Three loops. "Redundant" iteration. A junior developer would look at this and immediately want to collapse it into one pass. But look at what we get: each block reads like a plain English requirement. "Find the cheapest ground rate." "Find the fastest ground that beats the cheapest." "Find the best expedited rate." Done.

The Payoff

Now here's where it gets good. Business comes to you and says: "Don't show the expedited option if it's actually slower than the fastest ground option."

With cascading logic, this is a few lines inserted between existing blocks:

// reject expedited if it's no faster than ground
if (bestExpedited && fastestGround) {
    if (bestExpedited.days >= fastestGround.days) {
        bestExpedited = null;
    }
}

No restructuring. No refactoring. No tracing through nested conditionals to figure out where this check belongs. The new rule just slots in, exactly where it makes sense in the decision flow. Every variable it needs is already populated and in scope.

This is the payoff of cascading logic: changes map 1:1 to new blocks or simple checks between existing ones.

"Why Didn't You Break This Up?"

I've had other developers question why a function using this pattern is so long. "Shouldn't this be broken into smaller functions?" It's a fair question on the surface. But when you actually look at the code, you see that a variable set in one tiny case near the top is referenced in another tiny case way down the decision path. The whole function is one complete picture — the full breadth of variables all need to be in scope because they're all considered for the final decision.

Breaking it up doesn't simplify anything. It just scatters the logic across files and forces you to pass a dozen parameters around — or worse, create some state object that's really just a worse version of local scope. You've traded a long function you can read top-to-bottom for a scavenger hunt across abstractions.

Embrace Redundancy

The key insight is that cascading logic embraces redundancy on purpose. Instead of trying to be clever with a single pass or complex nested conditionals, you write multiple simple passes. Each one does exactly one thing.

Compare this to the "optimized" alternatives:

One loop with complex conditionals — Harder to read, harder to modify. Every new rule means touching existing conditions. Good luck figuring out the order of operations six months from now.

A scoring or ranking abstraction — Now you're maintaining a framework instead of writing business logic. Over-engineered for a problem that just needed some if-statements.

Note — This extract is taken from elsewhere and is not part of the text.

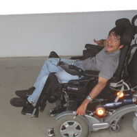 Süleyman Kurt in seinem neuen Rollstuhl bei der Rauchpause.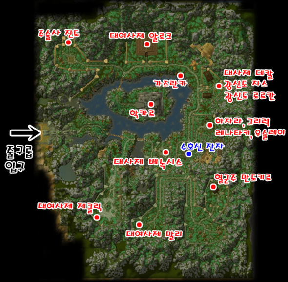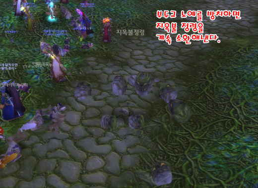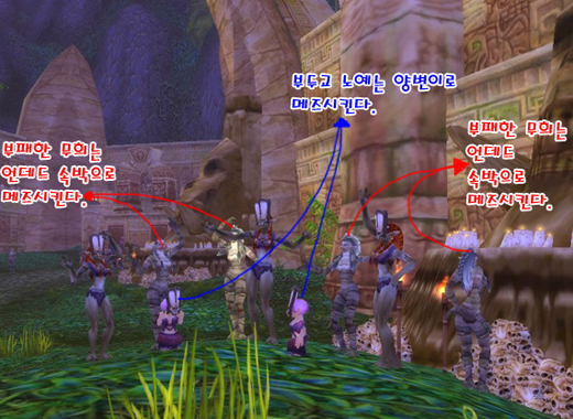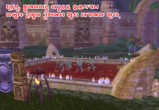 4. 진도는 랜덤하게 플레이어를 해골이 몰려있는 제단으로 워프시킨다. 제단의 해골들은 일반 몬스터로 상당히 약하지만 숫자가 꽤 많으며 지속적으로 리젠되니 그 주변에 마법사 두명을 상주시켜 워프되는 플레이어가 있으면 광역 마법으로 빠르게 해골들을 처리하고 워프된 플레이어를 살리도록 하자.

Cascading logic trades brevity for clarity and maintainability. Each block is dead simple on its own, and you can reason about the entire decision flow just by reading down the page.

When To Use It

This isn't a pattern for everything. It shines when you have a decision function that:

  • Evaluates the same dataset for multiple related outcomes
  • Has rules that reference each other across those outcomes
  • Changes frequently as business requirements evolve

In my ecommerce work, shipping logic and pricing functions are the perfect home for this. The requirements are complex, they change often, and getting them wrong costs real money. Cascading logic lets me add or modify rules with confidence, because I can see exactly where the new logic fits and exactly what state it has access to.

Write It Like You'd Say It

If I had one takeaway, it would be this: logic should be as verbose as possible, as close to human language as possible. Optimizing for fewer lines of code is not the same as optimizing for maintainability. Sometimes the best thing you can do is write more code, not less — code that reads like a checklist of business requirements rather than a clever algorithm.

Junior devs especially tend to optimize as soon as possible, not realizing they are adding complications even though the result might be less code. Cleverness has a maintenance cost. Simplicity pays for itself every time someone needs to change the logic — including future you.

The next time you're building a complex decision function, try cascading logic. Initialize your variables. Fill them in one block at a time. Let the later blocks lean on the earlier ones. When the next requirement drops in, you'll thank yourself.